- Leader: Vacant
- Founder: Leslie Manigat
- Founded: 1979
- Headquarters: Port-au-Prince, Haiti
- Ideology: Haitian nationalism Christian democracy Conservatism
- Political position: Centre-right
- International affiliation: Centrist Democrat International
- Regional affiliation: Christian Democrat Organization of America
- Colors: Green
- Chamber of Deputies: 0 / 119
- Senate: 0 / 30

Website
- rdnp-haiti.org

= Rally of Progressive National Democrats =

Political party in Haiti

The Rally of Progressive National Democrats (Rassemblement des démocrates nationaux progressistes, RDNP) is a political party in Haiti.

==History==
The RDNP was founded in 1979 by then exiled president Leslie Manigat. It was registered officially as political party on 25 May 1987, but only on 15 July 1987 was it recognized by the electoral authorities.

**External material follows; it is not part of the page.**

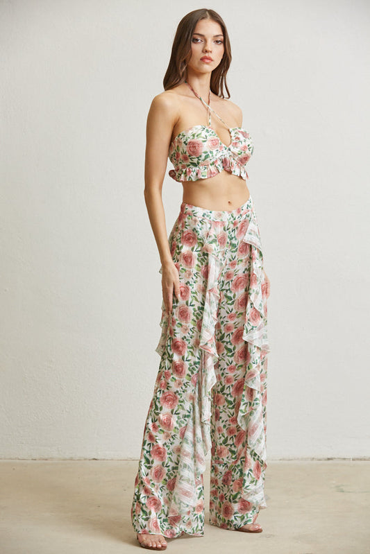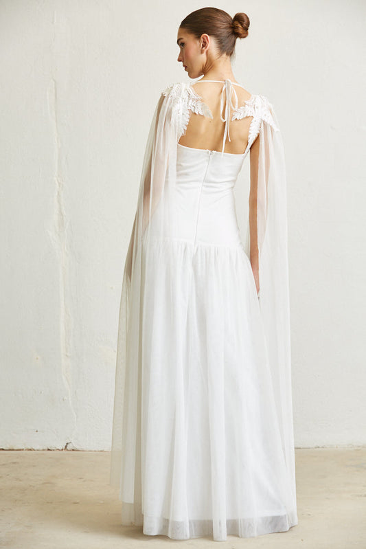 Sheer Maxi Dress - Faux Feather Cuffs - Magnolia

In the Haitian presidential election in 1988, Leslie Manigat wins with 50.2% of the popular vote and was elected president. In the parliamentary elections in 1990, RDNP elected only one seat in Senate. In Haitian presidential elections in February 2006, its candidate Leslie Manigat won 12.4% of the popular vote. In the 2006 Senate elections, the party picked up 10.7% of the popular vote, yet only 1 out of 30 Senators. In the 2006 Chamber of Deputies elections, the party won 4 out of 99 seats.
In the Haitian presidential elections of 28 November 2010, the RDNP presented as candidate Mirlande Manigat, wife of the RDNP's founder. She won the first round by carrying 31.37%, and in the second ballot with Michel Martelly, she lost with only 31.74%. However, in the Parliamentary elections, the RDNP lost the seat that it had in the Chamber.

In 2013, the party became a member of the Patriotic Movement of the Democratic Opposition (Mouvement Patriotique de l'Opposition Démocratique, MOPOD), a coalition of parties that oppose to President Michel Martelly.

In 2018, Eric Jean Baptiste was promoted as the new general secretary of the party. Baptiste was later assassinated on the way to his home in the Laboule 12 area of Port-au-Prince on 28 October 2022, when his car was ambushed.